# Hen night ideas



## dakota (Feb 6, 2007)

What did you do for your hen night? or was there something you would have loved to have done but didnt?

Ive just been having a look online for some ideas and quite like the sound of a murder mystery night   I also like the idea of a medieval banquet but a bit too expensive i think for most people in the current climate

Nikki xx


----------



## LizzyM (Feb 12, 2007)

Nikki, 

I have my hen night in 3 weeks and due to people not being able to afford alot at the mo soooo there are about 30 of us going on a mass pub crawl round my town!
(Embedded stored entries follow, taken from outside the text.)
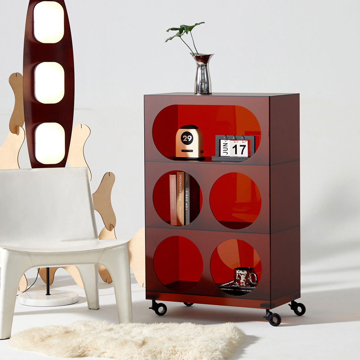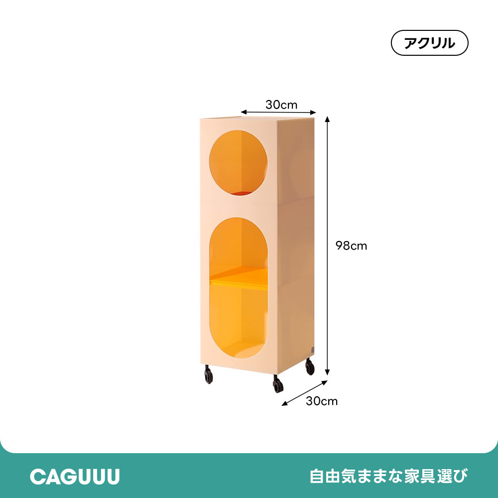 - 【使いやすさを追求】大きな丸穴デザインにより、高さや幅のあるアイテムも収納でき、出し入れがしやすいです。キャスター付きで移動が簡単、重いものを載せてもスムーズに動かせます。
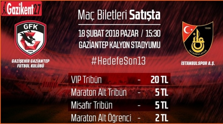 Gazişehir Gaziantep FK'nın, TFF 1. Lig'in 22. haftasında kendi sahasında oynayacağı İstanbulspor maçı biletleri satışa sunuldu.
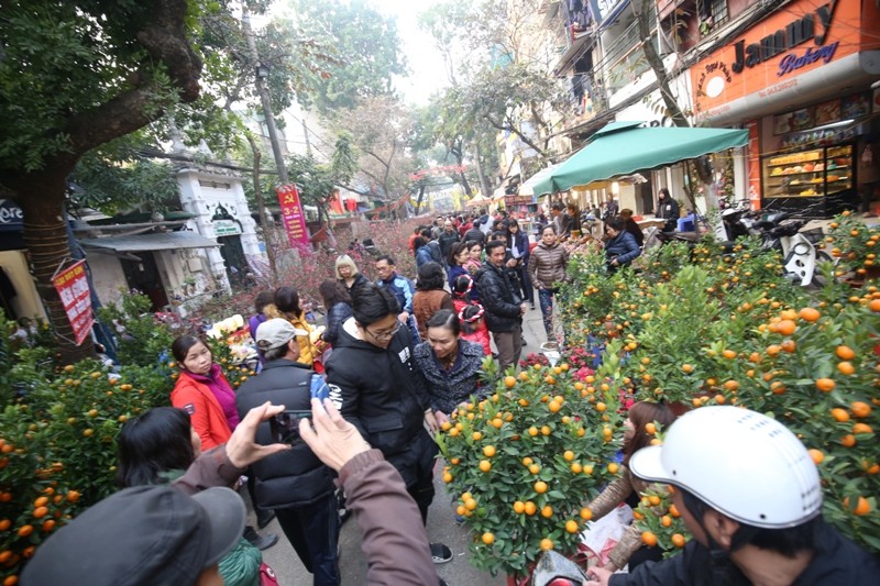 Dù có bận rộn đến mấy, ai cũng cố dành ra chút thời gian để được hòa mình giữa dòng người đông đúc và cảm nhận hương vị Tết truyền thống tại chợ hoa phố Hàng Lược.
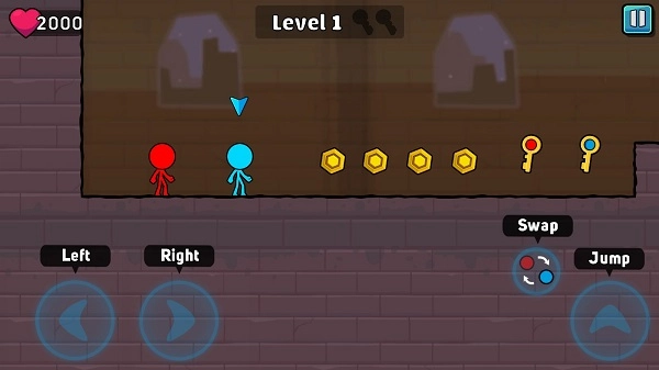 3、玩家在游戏里面需要帮助红色和蓝色的两个小人,
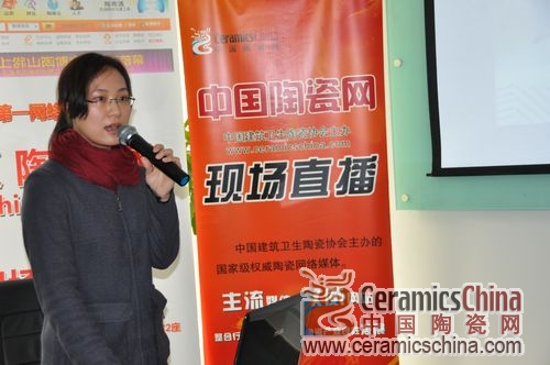 ICC陶瓷市场部经理吴凯怡女士正在对ICC半年的发展情况进行简单阐述
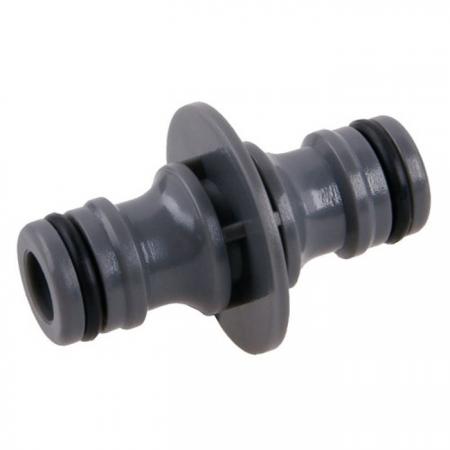 Plastový adaptér se dvěma konci pro rychlé propojení zahradních hadic pomocí rychlospojek.
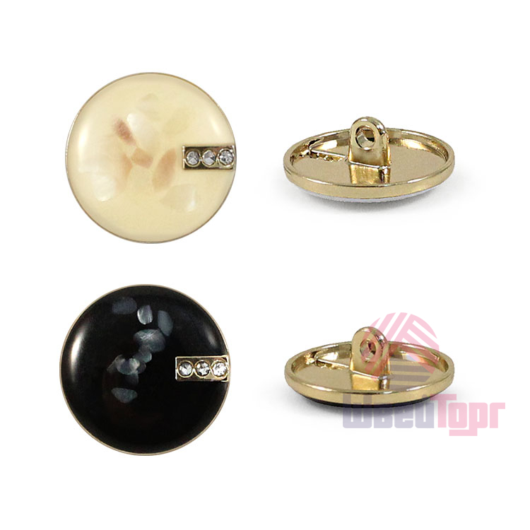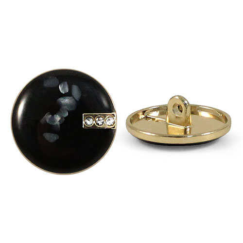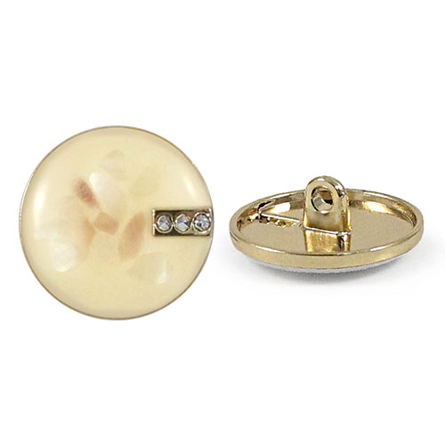 Пуговица на ножке для создания минималистичного и стильного образа. Пуговица собрана из двух частей – золотистая основа и лицевая часть, с интересным эффектом, словно мазки краски застыли под смолой. С лицевой стороны пуговицу украшает накладной элемент с мелкими стразами. Сдержанный и интересный элемент для оригинального образа.

I know that my friends that have organised it are up to something, ie me dressing up like a wally    
I just think its whatever you make it hun, but make it good 

x x x


----------



## Dee.Dee.32 (Dec 6, 2008)

I did "little devils" for mine in Blackpool - all of us in red tops with horns and tails.  Ended up at a ladies only strip club place which was fun    For my sisters I organised a "gangster" theme pub crawl around Nottingham with each of us having to do a dare - nothing too risky though   all quite tame ones along lines of getting someone to buy you a free drink and getting a man to moon (suprising how many were willing to do this one  )

Have fun 

DeeDee x


----------



## BABY2 (Nov 28, 2007)

I wasn't too keen on the pub crawl with "L" plates hanging all over me theme, and as I wanted to combine it with my big 3-0 birthday , me and one very good friend went to the Mardi Gras in New Orleans   and had a blast    (BTW we DID NOT flash our (.)(.)   )


----------